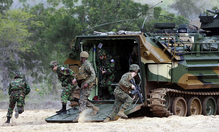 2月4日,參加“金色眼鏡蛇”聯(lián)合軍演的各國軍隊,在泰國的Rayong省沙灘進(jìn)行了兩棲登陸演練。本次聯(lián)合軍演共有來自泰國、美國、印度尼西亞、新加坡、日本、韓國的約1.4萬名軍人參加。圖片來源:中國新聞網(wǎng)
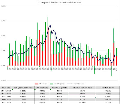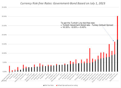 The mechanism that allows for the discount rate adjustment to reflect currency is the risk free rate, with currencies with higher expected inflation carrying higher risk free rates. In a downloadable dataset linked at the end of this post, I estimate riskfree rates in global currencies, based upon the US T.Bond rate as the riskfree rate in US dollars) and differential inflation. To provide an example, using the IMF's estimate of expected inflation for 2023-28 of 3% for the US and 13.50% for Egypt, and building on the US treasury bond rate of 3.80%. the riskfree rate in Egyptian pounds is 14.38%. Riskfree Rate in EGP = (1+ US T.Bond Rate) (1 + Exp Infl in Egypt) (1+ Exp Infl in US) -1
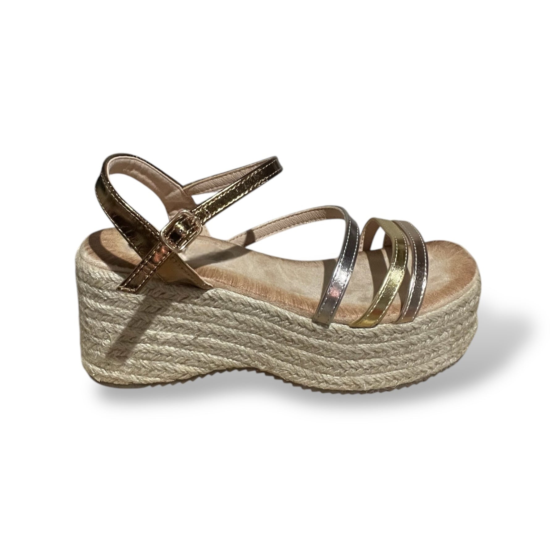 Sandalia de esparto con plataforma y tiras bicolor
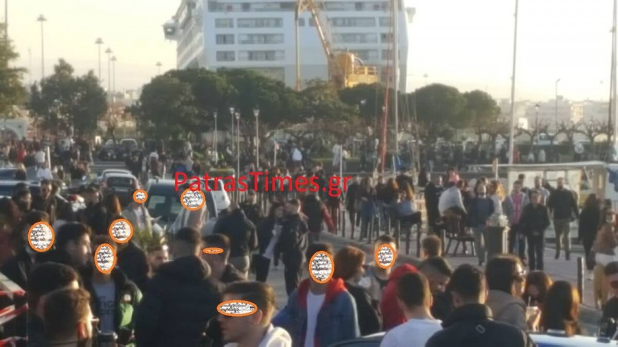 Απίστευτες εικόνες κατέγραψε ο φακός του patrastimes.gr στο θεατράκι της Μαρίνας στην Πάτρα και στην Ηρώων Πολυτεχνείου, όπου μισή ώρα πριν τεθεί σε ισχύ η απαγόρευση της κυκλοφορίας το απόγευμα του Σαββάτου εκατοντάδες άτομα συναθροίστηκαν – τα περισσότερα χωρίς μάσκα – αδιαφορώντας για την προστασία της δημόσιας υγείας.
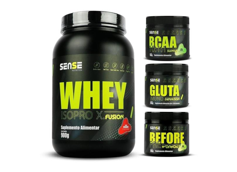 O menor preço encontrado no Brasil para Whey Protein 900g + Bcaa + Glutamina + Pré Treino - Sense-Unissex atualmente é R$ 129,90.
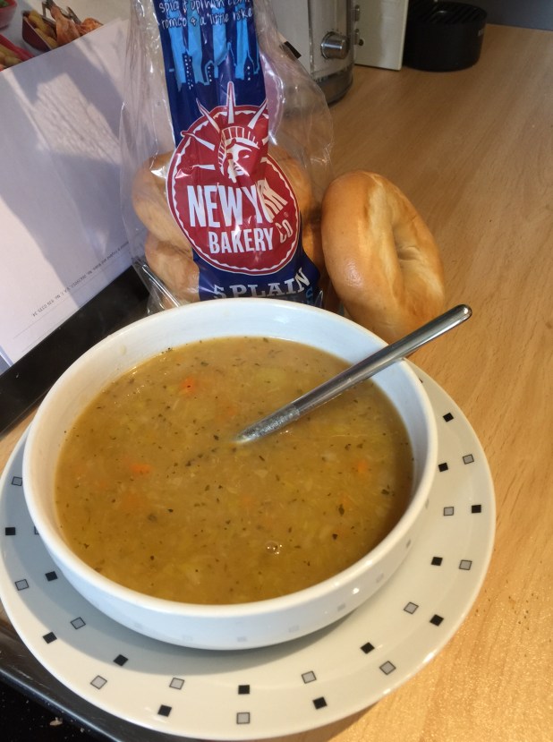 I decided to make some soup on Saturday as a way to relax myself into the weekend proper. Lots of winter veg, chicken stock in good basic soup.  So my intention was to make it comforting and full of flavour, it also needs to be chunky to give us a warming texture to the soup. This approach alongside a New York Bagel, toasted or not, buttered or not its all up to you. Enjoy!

==================================================

With the pictures omitted, copy exactly the lines of the listing above starting at the line containing "Sandalia de esparto" and ending at the line containing "Απίστευτες εικόνες κατέγραψε", both included.

 Sandalia de esparto con plataforma y tiras bicolor
 Απίστευτες εικόνες κατέγραψε ο φακός του patrastimes.gr στο θεατράκι της Μαρίνας στην Πάτρα και στην Ηρώων Πολυτεχνείου, όπου μισή ώρα πριν τεθεί σε ισχύ η απαγόρευση της κυκλοφορίας το απόγευμα του Σαββάτου εκατοντάδες άτομα συναθροίστηκαν – τα περισσότερα χωρίς μάσκα – αδιαφορώντας για την προστασία της δημόσιας υγείας.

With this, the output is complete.